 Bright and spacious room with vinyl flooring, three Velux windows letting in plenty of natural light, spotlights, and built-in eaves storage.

#####

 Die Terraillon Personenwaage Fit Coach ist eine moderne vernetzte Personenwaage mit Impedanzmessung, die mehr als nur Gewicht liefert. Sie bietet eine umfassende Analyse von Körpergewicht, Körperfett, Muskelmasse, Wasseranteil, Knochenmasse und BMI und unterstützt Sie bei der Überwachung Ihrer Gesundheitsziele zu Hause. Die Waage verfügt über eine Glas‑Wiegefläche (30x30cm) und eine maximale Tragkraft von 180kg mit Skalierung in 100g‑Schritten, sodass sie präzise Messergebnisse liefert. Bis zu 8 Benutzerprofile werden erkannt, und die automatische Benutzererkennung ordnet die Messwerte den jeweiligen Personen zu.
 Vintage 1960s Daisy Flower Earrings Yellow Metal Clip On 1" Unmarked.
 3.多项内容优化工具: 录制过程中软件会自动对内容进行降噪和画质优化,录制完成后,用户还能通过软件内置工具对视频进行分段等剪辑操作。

#####

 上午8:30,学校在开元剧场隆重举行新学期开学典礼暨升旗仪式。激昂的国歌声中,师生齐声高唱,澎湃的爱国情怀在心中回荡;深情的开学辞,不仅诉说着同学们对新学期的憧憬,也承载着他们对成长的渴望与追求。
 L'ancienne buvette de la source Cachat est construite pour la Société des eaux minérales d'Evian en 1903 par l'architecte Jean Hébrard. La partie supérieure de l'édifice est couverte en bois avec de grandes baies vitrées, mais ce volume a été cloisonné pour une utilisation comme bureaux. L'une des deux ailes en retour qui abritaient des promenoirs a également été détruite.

#####

Please give back, exactly as it stands above, the stretch from the line with "Vintage 1960s Daisy" through the line with "3.多项内容优化工具: 录制", and no line outside it.

OUTPUT
 Vintage 1960s Daisy Flower Earrings Yellow Metal Clip On 1" Unmarked.
 3.多项内容优化工具: 录制过程中软件会自动对内容进行降噪和画质优化,录制完成后,用户还能通过软件内置工具对视频进行分段等剪辑操作。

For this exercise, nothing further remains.